Exercise
Say how many lines in the listing below contain the word "Granicznej". Give the number alone.

Recorded data

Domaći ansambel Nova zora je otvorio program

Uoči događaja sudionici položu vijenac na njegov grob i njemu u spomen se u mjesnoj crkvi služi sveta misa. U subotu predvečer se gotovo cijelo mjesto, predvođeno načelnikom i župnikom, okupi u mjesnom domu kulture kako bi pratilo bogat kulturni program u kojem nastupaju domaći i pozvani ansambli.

---

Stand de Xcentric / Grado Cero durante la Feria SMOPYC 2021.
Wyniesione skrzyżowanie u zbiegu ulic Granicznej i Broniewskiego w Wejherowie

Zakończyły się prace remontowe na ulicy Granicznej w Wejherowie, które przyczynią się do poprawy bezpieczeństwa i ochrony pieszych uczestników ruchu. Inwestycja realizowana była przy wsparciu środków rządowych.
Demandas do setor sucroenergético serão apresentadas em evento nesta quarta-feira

Completed exercise
2